**HOW TO COMPLETE THIS TASK**. Pictures in the listing below are skipped, while the lines from the "A árvore de" line through the "28日上午,开学第一节课,丁" line are returned word for word.

**GIVEN DATA**.
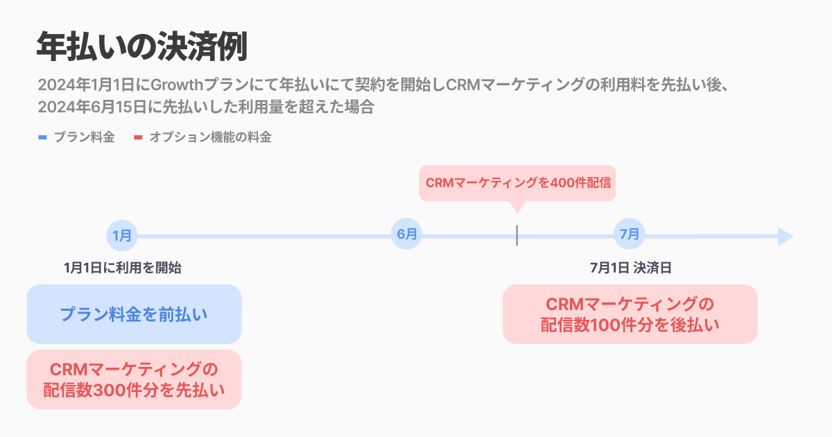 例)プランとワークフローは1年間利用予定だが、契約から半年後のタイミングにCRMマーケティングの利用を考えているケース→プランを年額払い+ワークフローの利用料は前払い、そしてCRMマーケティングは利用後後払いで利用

...

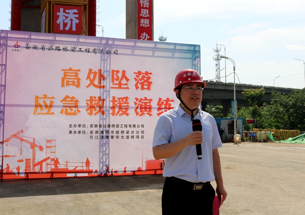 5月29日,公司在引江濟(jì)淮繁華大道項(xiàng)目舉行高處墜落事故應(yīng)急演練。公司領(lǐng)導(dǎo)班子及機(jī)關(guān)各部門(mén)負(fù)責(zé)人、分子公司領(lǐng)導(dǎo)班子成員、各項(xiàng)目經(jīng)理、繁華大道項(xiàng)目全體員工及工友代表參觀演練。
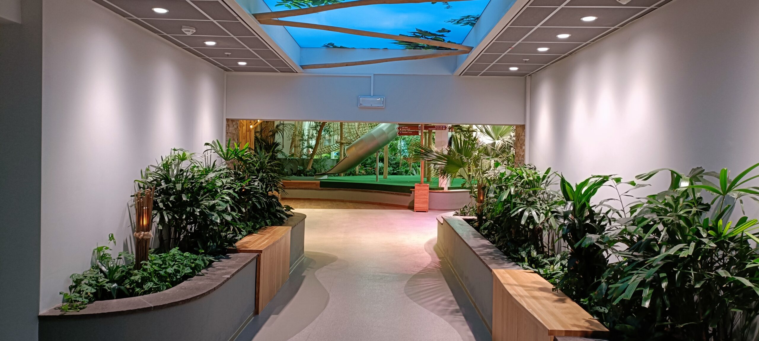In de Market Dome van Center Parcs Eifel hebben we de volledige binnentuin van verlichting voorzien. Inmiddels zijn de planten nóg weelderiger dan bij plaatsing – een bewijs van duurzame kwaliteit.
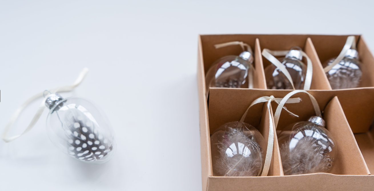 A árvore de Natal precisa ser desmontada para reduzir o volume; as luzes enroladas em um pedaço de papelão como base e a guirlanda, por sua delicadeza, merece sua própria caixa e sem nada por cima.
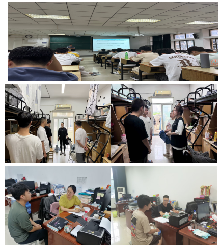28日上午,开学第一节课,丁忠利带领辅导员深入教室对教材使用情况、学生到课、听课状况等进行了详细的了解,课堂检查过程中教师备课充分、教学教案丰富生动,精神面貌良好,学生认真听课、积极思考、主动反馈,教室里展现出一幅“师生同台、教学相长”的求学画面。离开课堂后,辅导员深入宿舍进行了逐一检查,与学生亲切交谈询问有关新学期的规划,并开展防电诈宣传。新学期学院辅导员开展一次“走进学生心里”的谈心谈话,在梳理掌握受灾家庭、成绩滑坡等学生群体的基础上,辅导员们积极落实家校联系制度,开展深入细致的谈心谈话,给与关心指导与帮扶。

**RESPONSE AREA**.
 A árvore de Natal precisa ser desmontada para reduzir o volume; as luzes enroladas em um pedaço de papelão como base e a guirlanda, por sua delicadeza, merece sua própria caixa e sem nada por cima.
28日上午,开学第一节课,丁忠利带领辅导员深入教室对教材使用情况、学生到课、听课状况等进行了详细的了解,课堂检查过程中教师备课充分、教学教案丰富生动,精神面貌良好,学生认真听课、积极思考、主动反馈,教室里展现出一幅“师生同台、教学相长”的求学画面。离开课堂后,辅导员深入宿舍进行了逐一检查,与学生亲切交谈询问有关新学期的规划,并开展防电诈宣传。新学期学院辅导员开展一次“走进学生心里”的谈心谈话,在梳理掌握受灾家庭、成绩滑坡等学生群体的基础上,辅导员们积极落实家校联系制度,开展深入细致的谈心谈话,给与关心指导与帮扶。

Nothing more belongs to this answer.